■ **Directions for this task**: Transcribe all data verbatim. Skip the pictures.

■ **Records for the exercise**:
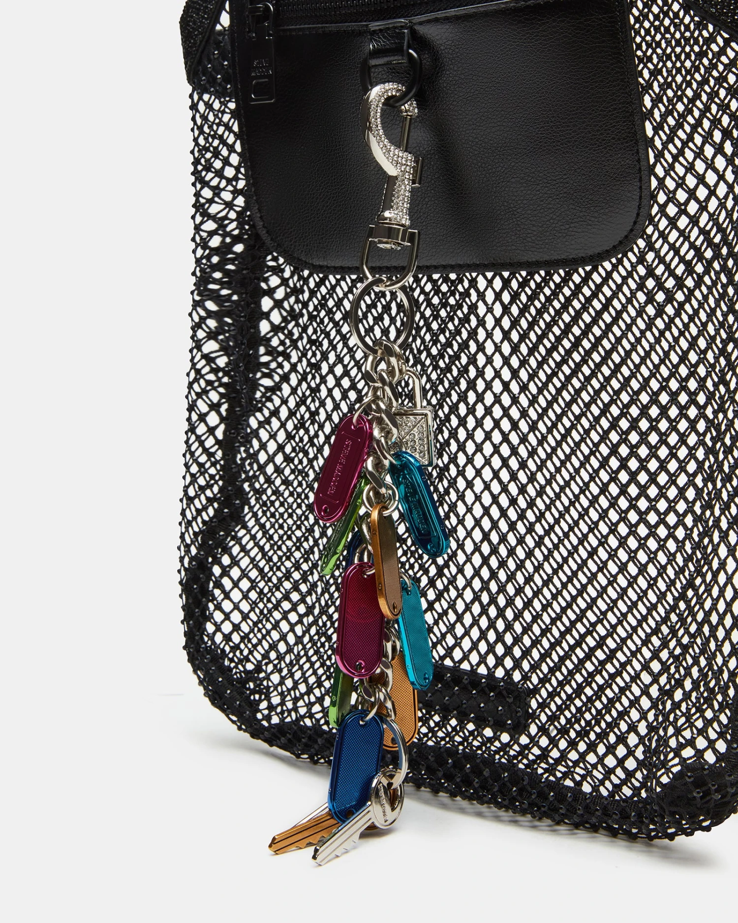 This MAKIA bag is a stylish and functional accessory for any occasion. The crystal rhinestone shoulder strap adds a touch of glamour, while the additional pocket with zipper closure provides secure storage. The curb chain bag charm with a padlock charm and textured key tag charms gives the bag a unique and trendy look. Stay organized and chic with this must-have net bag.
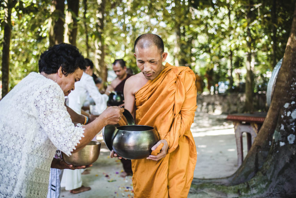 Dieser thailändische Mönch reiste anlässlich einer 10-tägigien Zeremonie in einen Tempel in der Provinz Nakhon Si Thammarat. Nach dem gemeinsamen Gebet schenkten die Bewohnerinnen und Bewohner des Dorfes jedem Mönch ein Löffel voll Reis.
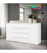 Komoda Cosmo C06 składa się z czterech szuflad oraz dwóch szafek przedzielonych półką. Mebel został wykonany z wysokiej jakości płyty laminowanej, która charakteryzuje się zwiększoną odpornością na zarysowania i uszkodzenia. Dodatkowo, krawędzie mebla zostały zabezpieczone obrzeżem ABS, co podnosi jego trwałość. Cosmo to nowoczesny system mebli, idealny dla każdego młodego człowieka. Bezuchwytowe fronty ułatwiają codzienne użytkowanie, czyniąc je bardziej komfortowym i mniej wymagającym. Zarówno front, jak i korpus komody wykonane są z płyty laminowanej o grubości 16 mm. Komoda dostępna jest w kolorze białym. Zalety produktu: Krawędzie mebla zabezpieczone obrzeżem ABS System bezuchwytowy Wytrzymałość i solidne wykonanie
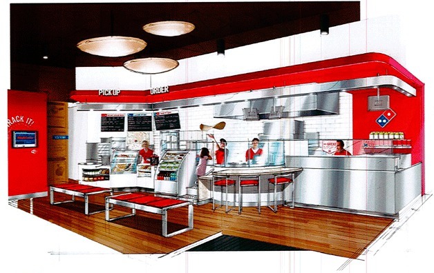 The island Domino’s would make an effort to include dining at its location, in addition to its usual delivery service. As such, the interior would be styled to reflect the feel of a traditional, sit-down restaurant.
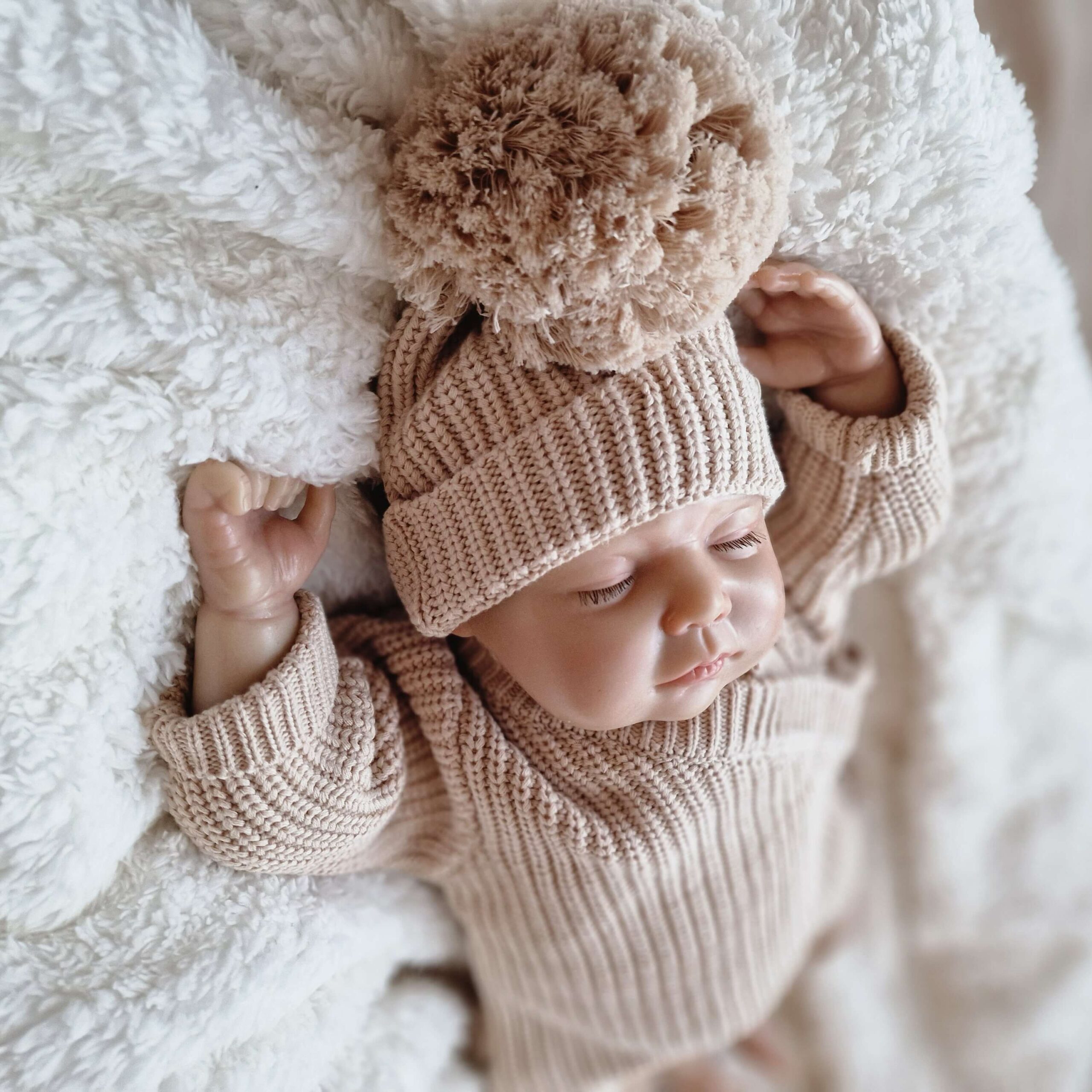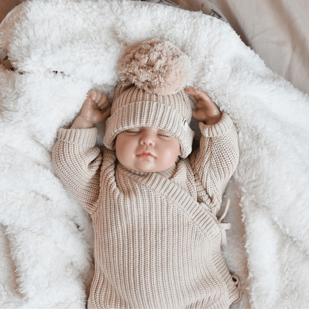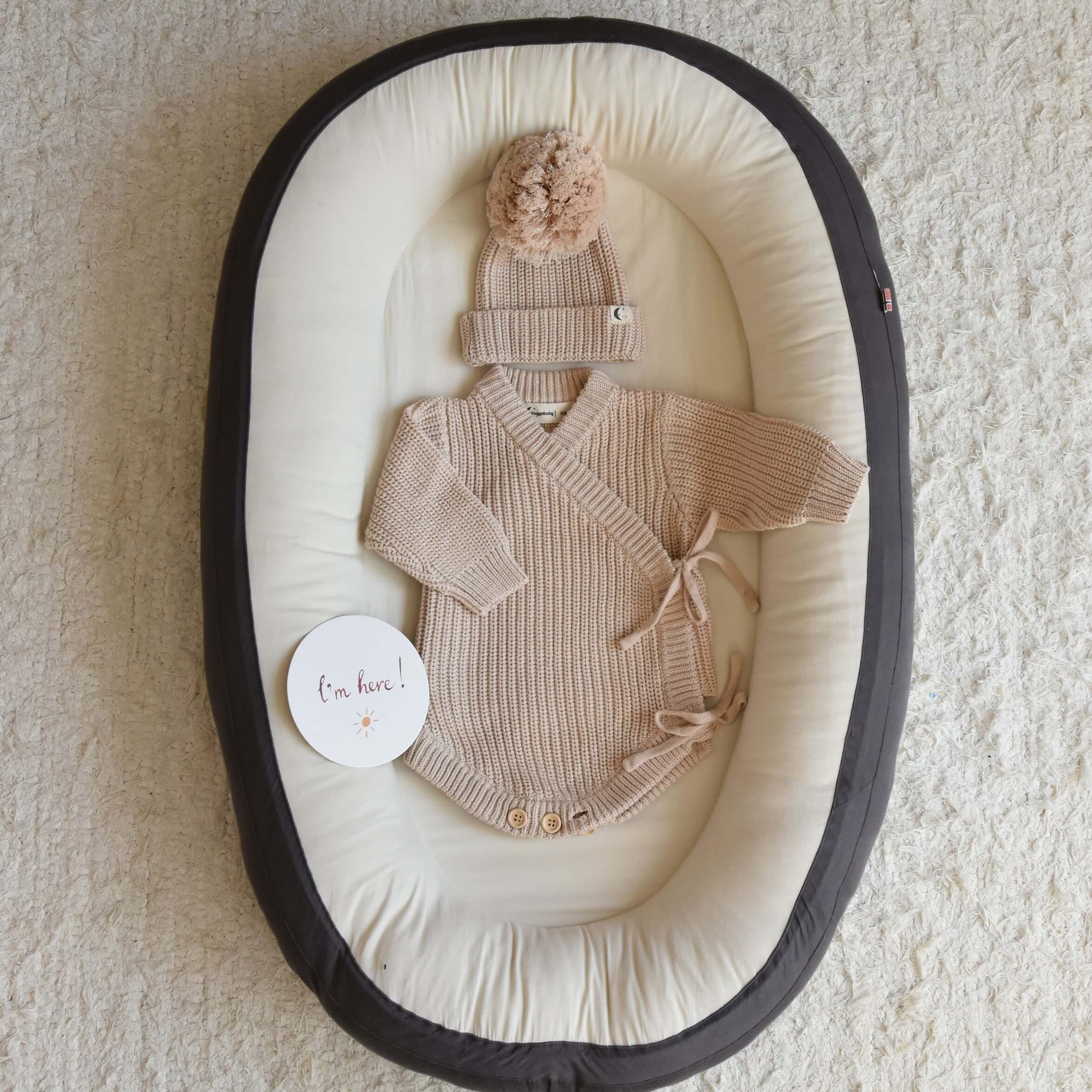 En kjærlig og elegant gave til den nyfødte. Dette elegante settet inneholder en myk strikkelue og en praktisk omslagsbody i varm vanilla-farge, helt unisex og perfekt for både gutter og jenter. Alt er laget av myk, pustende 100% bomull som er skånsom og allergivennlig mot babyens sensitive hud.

■ **Problem solution**:
 This MAKIA bag is a stylish and functional accessory for any occasion. The crystal rhinestone shoulder strap adds a touch of glamour, while the additional pocket with zipper closure provides secure storage. The curb chain bag charm with a padlock charm and textured key tag charms gives the bag a unique and trendy look. Stay organized and chic with this must-have net bag.
 Dieser thailändische Mönch reiste anlässlich einer 10-tägigien Zeremonie in einen Tempel in der Provinz Nakhon Si Thammarat. Nach dem gemeinsamen Gebet schenkten die Bewohnerinnen und Bewohner des Dorfes jedem Mönch ein Löffel voll Reis.
 Komoda Cosmo C06 składa się z czterech szuflad oraz dwóch szafek przedzielonych półką. Mebel został wykonany z wysokiej jakości płyty laminowanej, która charakteryzuje się zwiększoną odpornością na zarysowania i uszkodzenia. Dodatkowo, krawędzie mebla zostały zabezpieczone obrzeżem ABS, co podnosi jego trwałość. Cosmo to nowoczesny system mebli, idealny dla każdego młodego człowieka. Bezuchwytowe fronty ułatwiają codzienne użytkowanie, czyniąc je bardziej komfortowym i mniej wymagającym. Zarówno front, jak i korpus komody wykonane są z płyty laminowanej o grubości 16 mm. Komoda dostępna jest w kolorze białym. Zalety produktu: Krawędzie mebla zabezpieczone obrzeżem ABS System bezuchwytowy Wytrzymałość i solidne wykonanie
 The island Domino’s would make an effort to include dining at its location, in addition to its usual delivery service. As such, the interior would be styled to reflect the feel of a traditional, sit-down restaurant.
 En kjærlig og elegant gave til den nyfødte. Dette elegante settet inneholder en myk strikkelue og en praktisk omslagsbody i varm vanilla-farge, helt unisex og perfekt for både gutter og jenter. Alt er laget av myk, pustende 100% bomull som er skånsom og allergivennlig mot babyens sensitive hud.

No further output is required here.